Plot the estimated difference between 6-month or 12-months v no trastuzumab

ggplot(data.frame(diff = c(-0, 20)), aes(x=diff)) +
stat_function(fun=d.func,
args=list(cs.group1=0.63, #cs12.comb,
hr.obs=exp(.307),
lcl.obs=exp(.307-0.0661*1.96)),
color=‘red’) +
stat_function(fun=d.func,
args=list(cs.group1=0.63, #cs12.comb,
hr.obs=1.46,
lcl.obs=1.35),
color=‘black’) +
scale_x_continuous(breaks=seq(0,20,1),labels=seq(0,20,1)) +
theme_bw() +
labs(x = “Absolute difference (%) in cumulative survival at 10 years”,
y = “Probability density”)

dewittehi · July 31, 2019, 9:17am

Thank you very much, I will look into the code and try to learn from it, great work!
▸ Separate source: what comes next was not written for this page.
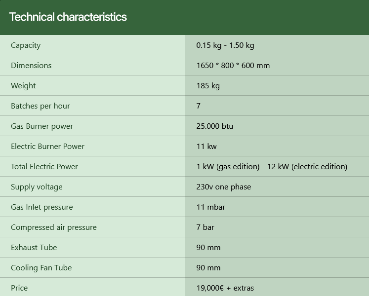 Opis: Pierwszy na świecie przemysłowy, stołowy palacz kawy. Zaprojektowany z myślą o bezkompromisowej jakości palenia kawy na małą skalę, IRM Micro zapewnia pełną wydajność IRM w kompaktowej obudowie — idealny dla laboratoriów, mikro-palarni i wizjonerów, którzy palą kawę z pasją.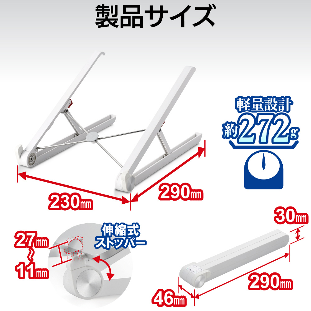 商品名 ノートパソコンスタンド[〜15.6インチ] ポータブル 2段階 ホワイト PCA-LTSC2WH

dewittehi · July 31, 2019, 3:02pm

I’ve got one question: you calculated the probability density for predicted absolute difference in Figure 1. I have difficulty interpreteting these numbers and the interpretation, for instance such as in the sentence “there is a 16 per cent chance that the difference greater than 1.3 per cent”. Are these true probabilities, comparable to those resulting from a Bayesian analysis? If so, is there any underlying prior used? If not, how should I interpret these percentages?
The figure (both 1 & 2) seems a wonderful way to present the results of the trial, so I am wondering why it is not used more often in RCT papers, is there any reason for this?

paulpharoah · July 31, 2019, 3:36pm

This is not a probability distribution based on a formal Bayesian analysis because it does not have any prior attached. It is simply based on the point estimate and 95% CI of the estiamted hazard ratio and then is converted into an absolute risk rather than relative risk. If one assumes a prior for log hazard ratio as a normal distribution ~ (0.049, 0.018) (equivalent to a HR of 1.15 with the upper 97.5% limit of 1.3) then the observed and posterior distribution almost overlap. I’d need to do a bit more to get a more sensible prior distribution.

I am not the person to ask about the presentation of results for non-nferiority trials. This is the first time that I have ever thought about the issue.